§ Aim of the task: Only the lines below from the one that contains "ANZO 1997-2004 Dodge" through the one that contains "Biliardino da tavolo" should appear in your answer, exact and without pictures.

§ Records for the task:

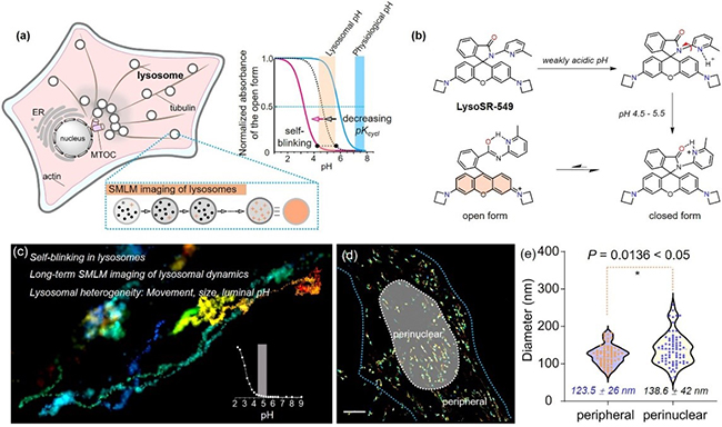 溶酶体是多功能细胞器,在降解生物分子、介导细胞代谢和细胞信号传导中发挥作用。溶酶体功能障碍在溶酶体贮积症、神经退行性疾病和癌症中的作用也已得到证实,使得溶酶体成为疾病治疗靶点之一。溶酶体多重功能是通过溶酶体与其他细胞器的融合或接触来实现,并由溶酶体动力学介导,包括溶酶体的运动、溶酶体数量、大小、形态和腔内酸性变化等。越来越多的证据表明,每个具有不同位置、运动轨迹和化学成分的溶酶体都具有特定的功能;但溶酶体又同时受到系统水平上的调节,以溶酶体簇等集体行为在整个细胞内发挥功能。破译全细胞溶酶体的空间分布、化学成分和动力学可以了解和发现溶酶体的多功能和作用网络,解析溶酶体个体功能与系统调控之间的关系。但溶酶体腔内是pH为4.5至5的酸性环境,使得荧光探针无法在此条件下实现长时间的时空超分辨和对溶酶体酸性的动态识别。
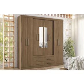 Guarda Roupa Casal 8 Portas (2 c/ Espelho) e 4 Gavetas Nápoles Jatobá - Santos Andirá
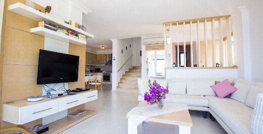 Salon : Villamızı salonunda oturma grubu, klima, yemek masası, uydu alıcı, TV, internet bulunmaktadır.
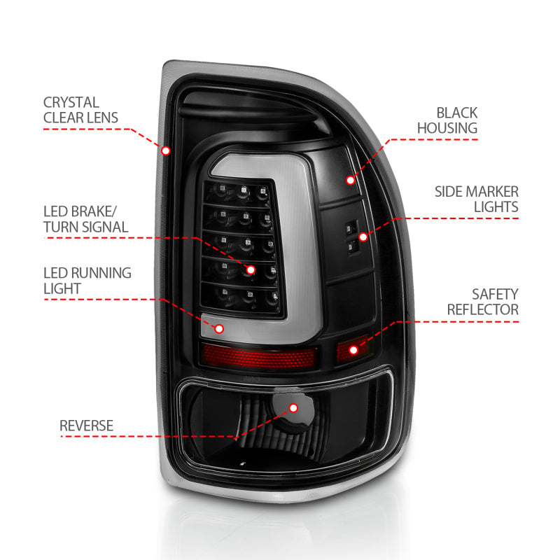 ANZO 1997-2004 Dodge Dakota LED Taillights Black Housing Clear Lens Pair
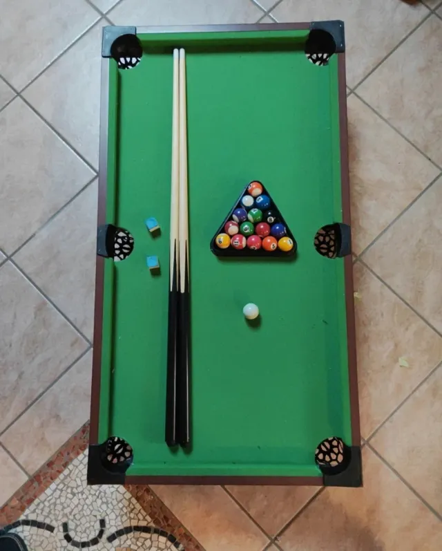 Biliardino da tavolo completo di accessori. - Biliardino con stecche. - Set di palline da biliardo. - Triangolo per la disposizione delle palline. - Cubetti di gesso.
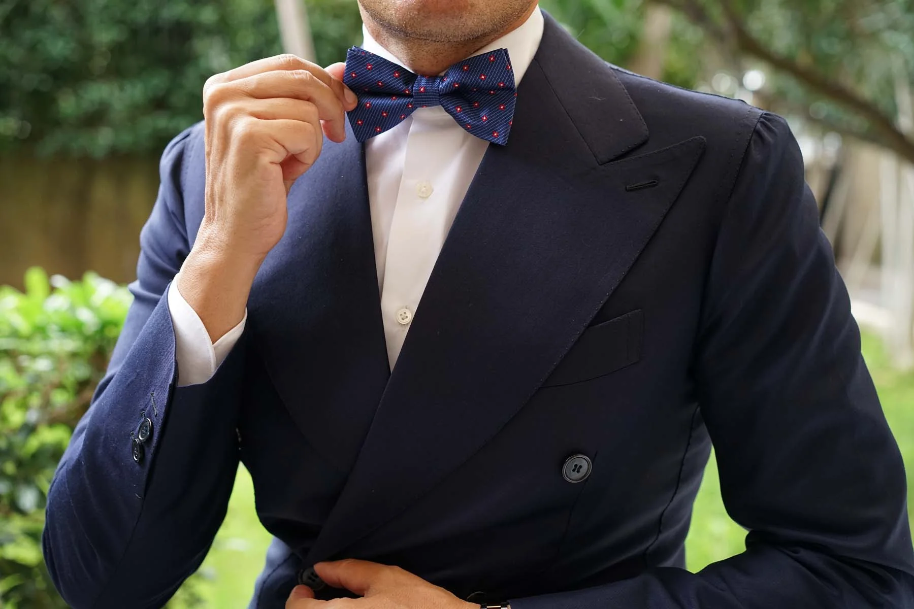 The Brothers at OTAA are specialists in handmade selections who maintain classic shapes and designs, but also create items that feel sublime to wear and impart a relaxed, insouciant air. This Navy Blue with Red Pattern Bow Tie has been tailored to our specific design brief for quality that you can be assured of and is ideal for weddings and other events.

§ Solution for this exercise:
 ANZO 1997-2004 Dodge Dakota LED Taillights Black Housing Clear Lens Pair
 Biliardino da tavolo completo di accessori. - Biliardino con stecche. - Set di palline da biliardo. - Triangolo per la disposizione delle palline. - Cubetti di gesso.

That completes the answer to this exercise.